[EXERCISE DETAILS] Return the listing exactly, please; no pictures.

[RECORDED DATA]
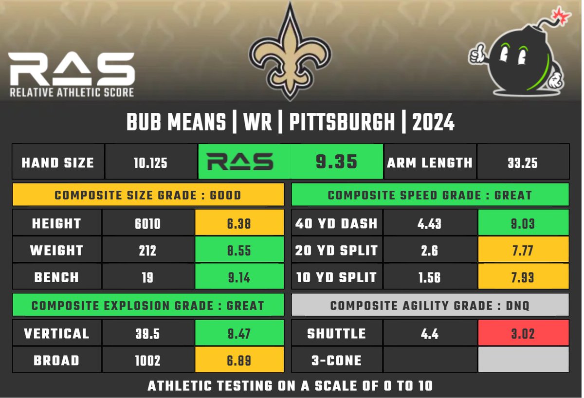 For us, it's definitely size. The Saints have thresholds at every position and I am very sure he is below them and probably not even on their board. Dunno about the rest of the league but definitely the case for us.
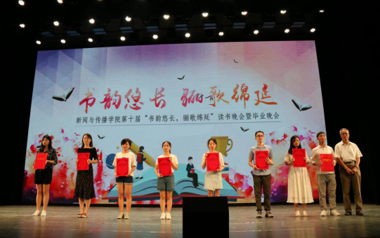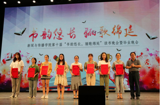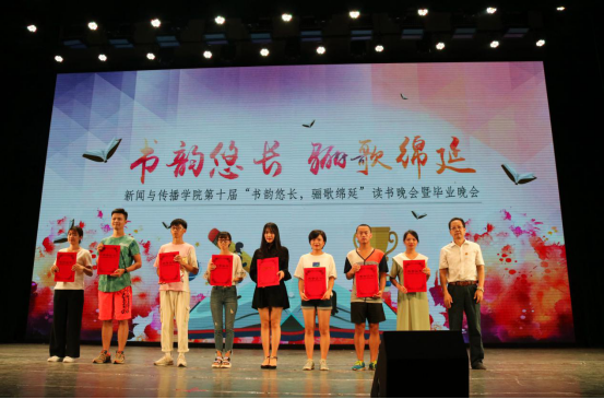 晚会正式开始后,首先进行的是颁奖环节,旨在表彰在开放式读书活动中表现优异的同学和班集体。江宇老师和朱学峰老师一起为获得“马克思主义新闻观学习历程网络展示活动”一二三等奖的同学颁奖,王辉老师为获得开放式读书教学活动读报评报活动一二三等奖的同学颁奖,银键老师为获得开放式读书教学活动阅读奖的同学颁奖,刘洪老师为获得开放式读书活动班级组织一二三等奖的班级代表颁奖,获得开放式读书教学活动优秀读书报告一二三等奖的同学则从郑保卫老师的手中接过了获奖证书。
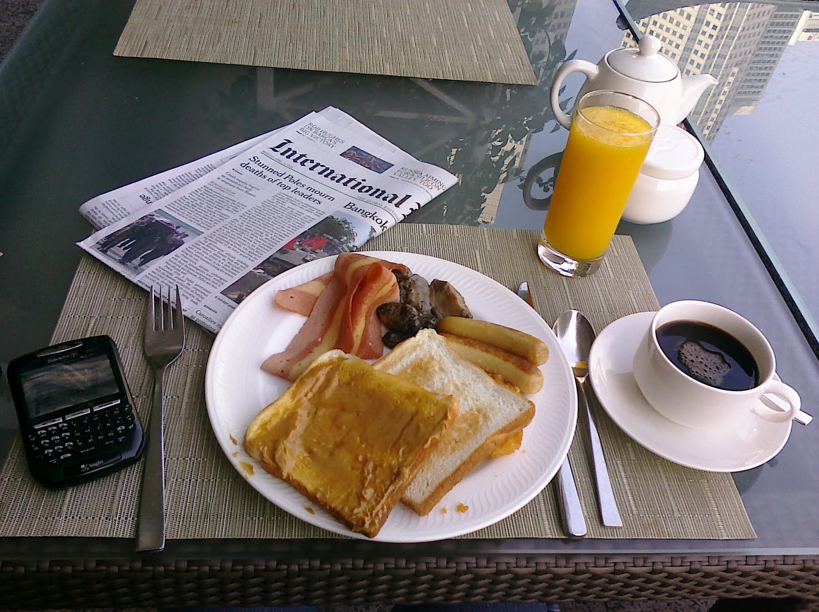 Office Breakfast by The River Posted by Ibenimages on 19 April 2010 > Classic european breakfast by the river in Fullerton Hotel Singapore. If only I don’t need to be at the office by 8 am. 😦 Share this: Click to share on X (Opens in new window) X Click to share on Facebook (Opens in new window) Facebook Click to share on Pinterest (Opens in new window) Pinterest Click to share on WhatsApp (Opens in new window) WhatsApp Click to share on LinkedIn (Opens in new window) LinkedIn Click to share on Pocket (Opens in new window) Pocket Click to email a link to a friend (Opens in new window) Email Like Loading...

[OUTPUT FOR THIS EXERCISE]
 For us, it's definitely size. The Saints have thresholds at every position and I am very sure he is below them and probably not even on their board. Dunno about the rest of the league but definitely the case for us.
 晚会正式开始后,首先进行的是颁奖环节,旨在表彰在开放式读书活动中表现优异的同学和班集体。江宇老师和朱学峰老师一起为获得“马克思主义新闻观学习历程网络展示活动”一二三等奖的同学颁奖,王辉老师为获得开放式读书教学活动读报评报活动一二三等奖的同学颁奖,银键老师为获得开放式读书教学活动阅读奖的同学颁奖,刘洪老师为获得开放式读书活动班级组织一二三等奖的班级代表颁奖,获得开放式读书教学活动优秀读书报告一二三等奖的同学则从郑保卫老师的手中接过了获奖证书。
 Office Breakfast by The River Posted by Ibenimages on 19 April 2010 > Classic european breakfast by the river in Fullerton Hotel Singapore. If only I don’t need to be at the office by 8 am. 😦 Share this: Click to share on X (Opens in new window) X Click to share on Facebook (Opens in new window) Facebook Click to share on Pinterest (Opens in new window) Pinterest Click to share on WhatsApp (Opens in new window) WhatsApp Click to share on LinkedIn (Opens in new window) LinkedIn Click to share on Pocket (Opens in new window) Pocket Click to email a link to a friend (Opens in new window) Email Like Loading...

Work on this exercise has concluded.